This article reads like a guy who has serious anger problems. Occam's razor... is there a massive conspiracy between his wife, kids, neighbors, and the police, to ruin his life? Or does he just have a bad temper that gets worse when he drinks and isn't afraid to take it out on women and children of his family?


----------



## M.C (Jul 5, 2008)

HexRei said:


> i bet the kids hit him too, thats why he had to choke em.


I don't think anyone is disputing that him doing anything with the kids is terrible and there's no excuse.

We're talking about his wife, an adult, who hit him.


----------



## HexRei (Apr 27, 2007)

M.C said:


> I don't think anyone is disputing that him doing anything with the kids is terrible and there's no excuse.
> 
> We're talking about his wife, an adult, who hit him.


And that's his side of the story (and no doubt exactly the same thing he would say if she hadn't hit him and he was trying to justify his actions). However, even if he is speaking the complete truth, there is a limit to how far you go in retaliation when you are a professional fighter with a massive size and strength advantage against a female.

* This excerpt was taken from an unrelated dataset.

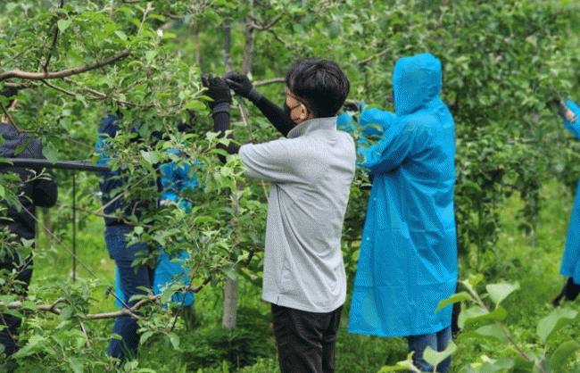 [NWS¹æ¼Û=Çѽ¸ñ ±âÀÚ]Æ÷Ç׽à ´ëº¯ÀνÇÀº 6ÀÏ ºÏ±¸ Á×Àå¸é¿¡ À§Ä¡ÇÑ »ç°ú Àç¹è ³ó°¡¸¦ ¹æ¹®ÇØ ¿µ³óö ³óÃÌ ÀÏ¼Õ µ½±â¸¦ Çß´Ù. À̳¯ Á÷¿øµéÀº »ç°ú³ª¹« ¿­¸Å ¼Ô±â µîÀÇ ÀÛ¾÷À» Çϸç ÀÏ¼Õ ºÎÁ·À¸·Î ¾î·Á¿òÀ» °Þ´Â ³ó°¡¿¡ ÈûÀ» º¸ÅÉ´Ù. Æ÷¡¦

What about the neighbor who saw him hitting her in the face while she was down? Why does he not have a mark, but she has injuries all over her upper body and is *missing a tooth?* If he hurts his kids, why is it farfetched that he beats on his wife too?


----------



## M.C (Jul 5, 2008)

HexRei said:


> And that's his side of the story (and no doubt exactly what he would say if she hadn't hit him and he was trying to justify his actions). However, even if he is speaking the complete truth, there is a limit to how far you go in retaliation when you are a professional fighter with a massive size and strength advantage against a female.
> 
> What about the neighbor who saw him hitting her in the face while she was down? Why does he not have a mark, but she has injuries all over her upper body and is missing a tooth? Doesn't it strike you as likely that a guy who beats his children isn't above beating his wife either?


Buddy, I think you're missing the point.

We're not saying that Brett is justified in holding her down and beating her like that. He should be punished and all that for what he did.

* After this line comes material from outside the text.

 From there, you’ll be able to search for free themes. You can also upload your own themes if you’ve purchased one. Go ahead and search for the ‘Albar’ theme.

What we're (well, I'm, but I believe this is what BK is getting at as well) saying is that if you are a woman and you hit a man, you should expect to get hit back. Your protective shield is now gone, you are an adult human being who hit another adult human being, forget gender, forget race, forget religious background, you are now subject to the same violence and hit that you just gave someone.

The point I'm personally making, is that I feel no remorse whatsoever for this woman if she struck him, she deserves to get hit if she hit someone else, whether it was a man or a woman.

Now, we could debate on if she actually did hit him or not, but I would assume she did as he said it, and she did not deny it, and women are well known for hitting men and expecting to not get hit back, so It's fully, 100% believable that she hit him first.

So, yeah, no one (or I'm not) is saying that Brett is right in beating her like that, however, she is not innocent, she hit him first, and as such, she should expect to get hit back, she deserves to get hit for hitting that person. Just because she's a woman, does not mean she gets a free ticket to assault someone.


----------



## HexRei (Apr 27, 2007)

M.C said:


> Now, we could debate on if she actually did hit him or not, but I would assume she did as he said it, and she did not deny it, and women are well known for hitting men and expecting to not get hit back, so It's fully, 100% believable that she hit him first.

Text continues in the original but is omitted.